Der Reichstag hat das folgende
Gesetz beschlossen, das mit Zustimmung des Reichsrats hiermit
verkündet wird:
§ 1. Wer über die
Grenzen eines Gemeindebezirkes hinaus die Beförderung von
Personen oder Sachen mit Kraftfahrzeugen auf bestimmten Strecken
gegen Entgelt betreiben will (Unternehmer von Kraftfahrlinien),
bedarf der Genehmigung der von der obersten Landesbehörde
bestimmten Behörde.
Soll sich das Unternehmen auf das
Gebiet mehrerer Länder erstrecken, so sind zur Genehmigung
die obersten Landesbehörden gemeinsam zuständig.

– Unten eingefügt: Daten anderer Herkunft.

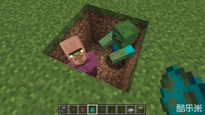 我的世界原版生存中让村民对抗僵尸的技巧,使用原版1.12.2,无Forge无Optifine,然后准备发射器,按钮,村民蛋,一套荆棘装备,僵尸在攻击村民的时候受到了伤害,最后村民把僵尸干死了!
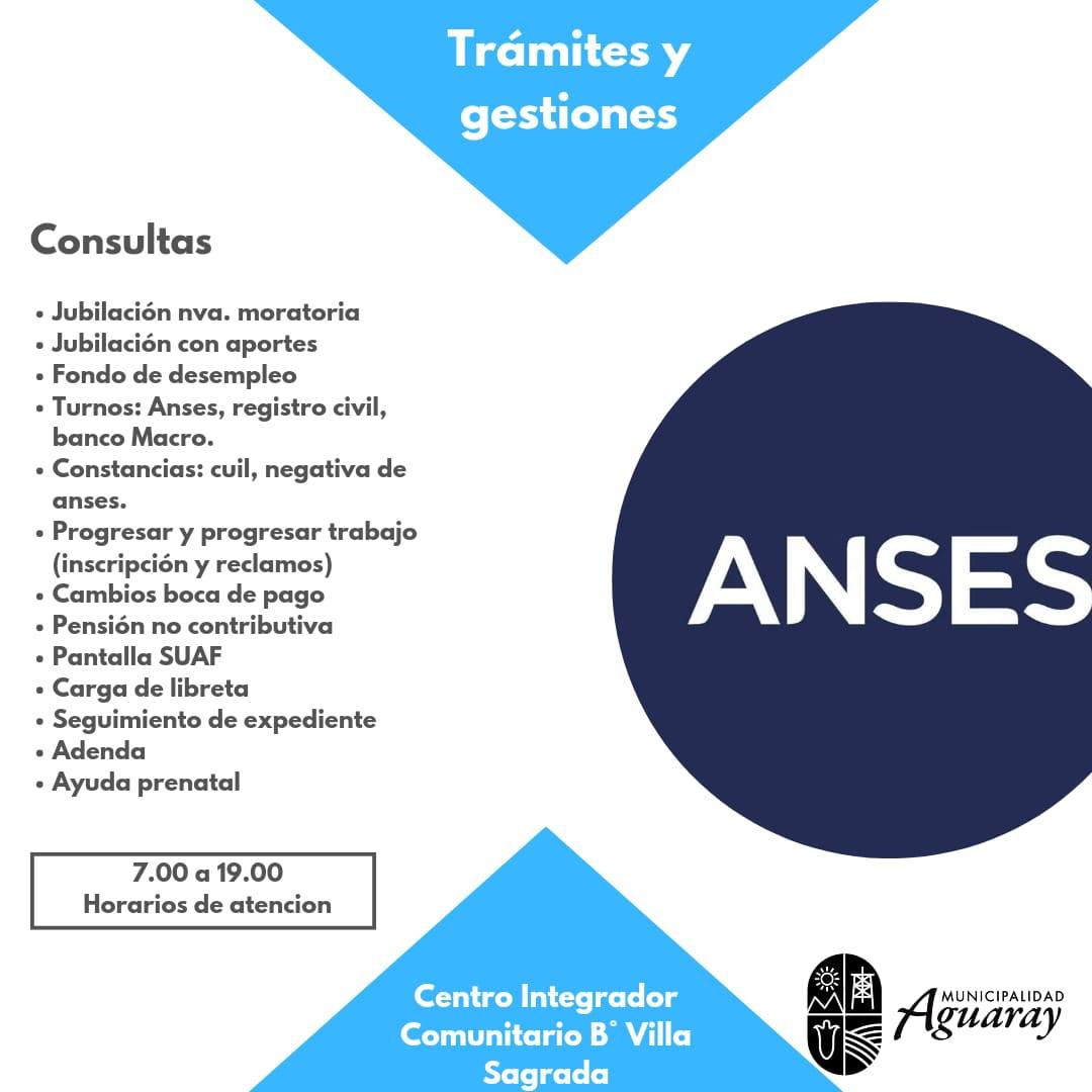 Además, les recordamos que en esta oficina también pueden realizar diversos trámites relacionados con ANSES, tales como:
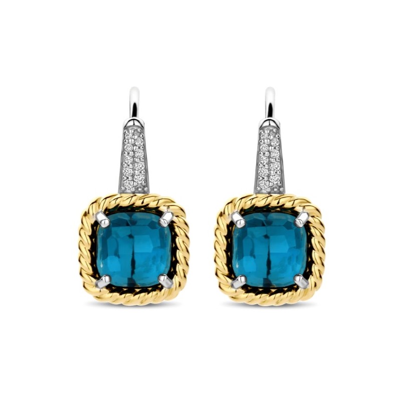 Acerca de esta joya Luce un estilo audaz y elegante con estos pendientes TI SENTO 78042DB de plata chapada en oro. Elaborados en plata de ley 925, estos pendientes de cierre de palanca presentan vibrantes piedras translúcidas de color azul oscuro con forma de cojín, facetadas para reflejar la luz con un brillo sutil. Los engastes de oro amarillo trenzado les confieren una riqueza de inspiración vintage, mientras que los ganchos chapados en platino, engastados en pavé con circonitas cúbicas blancas de talla brillante, añaden un brillo refinado y un contraste elegante. Su forma escultural y su tono intenso aportan profundidad y personalidad a cualquier look. Sin níquel e hipoalergénicos, estos pendientes ofrecen comodidad durante todo el día y un brillo atemporal.
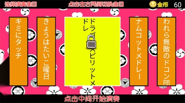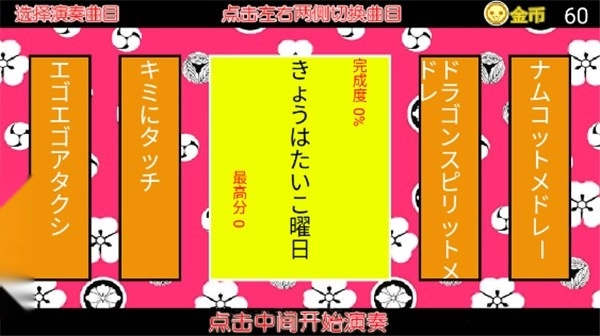 进入太游戏我们可通过点击左右俩次切换不同的曲目,点击屏幕中间即可开始演奏

Jedoch
ist jedes Land verpflichtet, die Fortsetzung einer in einem
benachbarten Lande zugelassenen Kraftfahrlinie in oder durch sein
Gebiet zu gestatten, wenn der Reichsrat auf den durch den
Reichsverkehrsminister geprüften und zu vermittelnden Antrag
anerkennt, daß diese im Interesse des allgemeinen Verkehrs
liegt.
§ 2. Die Genehmigung darf nur erteilt
werden, wenn Gewähr für die Sicherheit und
Leistungsfähigkeit des Betriebes geboten ist und das
Unternehmen den öffentlichen Interessen nicht zuwiderläuft.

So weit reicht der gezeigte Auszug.